Later in "Roy's First Encounter" we hear the ambiguous shifting out-of-this-world tonality that we associate with the aliens. These alien sonorities are developed in the substantial and very impressive 6½-minute cue "Barry's Kidnapping" the music takes on a menacing dimension for we are seeing their threat through the young mother's eyes; she instinctively knows the little aliens are after her son and the threat comes from every corner of the house; the chimney, the ventilation grilles and at length through the cat flap. The music shimmers, shifts, slithers, screeches; voices and instruments twist, turn and rise swiftly away... It is also good to have the music which accompanies the young mother and hero Richard Dreyfuss to the tower shaped mountain rendezvous. Williams's music with its driving rhythms splendidly and sympathetically conveys their rising excitement and anxiety. In "The Mountain" cue containing previously unreleased material, their overwhelming sense of wonder as they first see the Devil's Tower is palpable as the music reaches (with the addition of women's wordless chorus) an ecstatic climax but the elation is mixed to with a sense of tragedy and regret as the pair pass animals struck down dead (or drugged).
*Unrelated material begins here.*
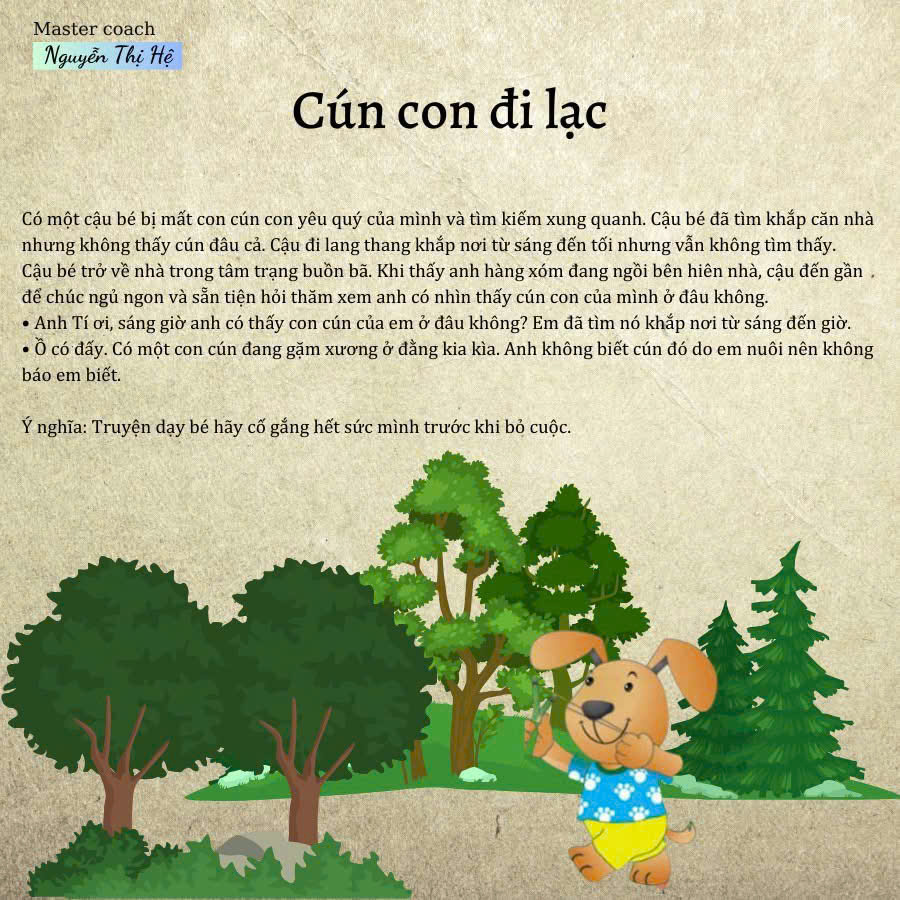 – Anh Tí ơi, sáng giờ anh có thấy con cún của em ở đâu không? Em đã tìm nó khắp nơi từ sáng đến giờ.

In "The Cover Up" Williams uses snare drums, timpani and bass drums up front to underscore the ruthless efficiency of the military machine in deterring public interest in the alien's impending visit.
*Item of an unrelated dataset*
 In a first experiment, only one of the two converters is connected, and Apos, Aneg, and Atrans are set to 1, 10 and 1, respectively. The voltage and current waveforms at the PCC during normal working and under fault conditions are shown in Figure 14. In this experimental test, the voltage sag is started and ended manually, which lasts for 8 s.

But it is of course, the music for the climactic meeting with the aliens which everybody anticipates starting form the point when Dreyfuss reaches the rendezvous point on the other side of the mountain and the smaller space craft swoop down. Here we have 30 minutes of Williams's remarkable music which brilliantly captures and makes credible the amazing series of events. Starting with the swooping down of the advance guard of smaller space craft Williams conjures music that underscores the vivid colour and brilliant lights of the space vehicles and parallels their breathlessly swift trajectories. The arrival of the giant "Mothership" begins as something of a concerto for the orchestras bass instruments the music rising through the orchestra as it descends through the clouds passes majestically over the mountain and reverses itself for touchdown. Then we have the almost comical interchange of data between the mothership and the base's electronic console commencing with that famous five-note figure. It is interesting to note that Williams achieved this dialogue using acoustic instruments only ( probably double bassoon, bass trombone and tuba for the mother ship's contribution). The last sequence "The Visitors/Bye/End Titles, represented her with 12 minutes of material includes material not used in the film. It covers of course those last very affecting scenes as the tall stick-like alien waves goodbye and the mothership leaves. Williams responds with really inspired music which truly uplifts the soul and spirit. All is perfect, the allusion to When You Wish Upon a Star is kept subtle and oblique. Unhappily the music that was not included in the film and very wisely was an overt reference to the song which brings you crashing back to earth with a bang. My advice is to slowly drop the volume when you get to about 10:20 in this last cue and switch off.

Nevertheless a wonderful souvenir of what must be for many a treasured cinematic experience.

It is very attractively presented in chrome etched packaging with a sumptuously produced well illustrated, full colour booklet with notes about John Williams's work on the score and an interview with the composer.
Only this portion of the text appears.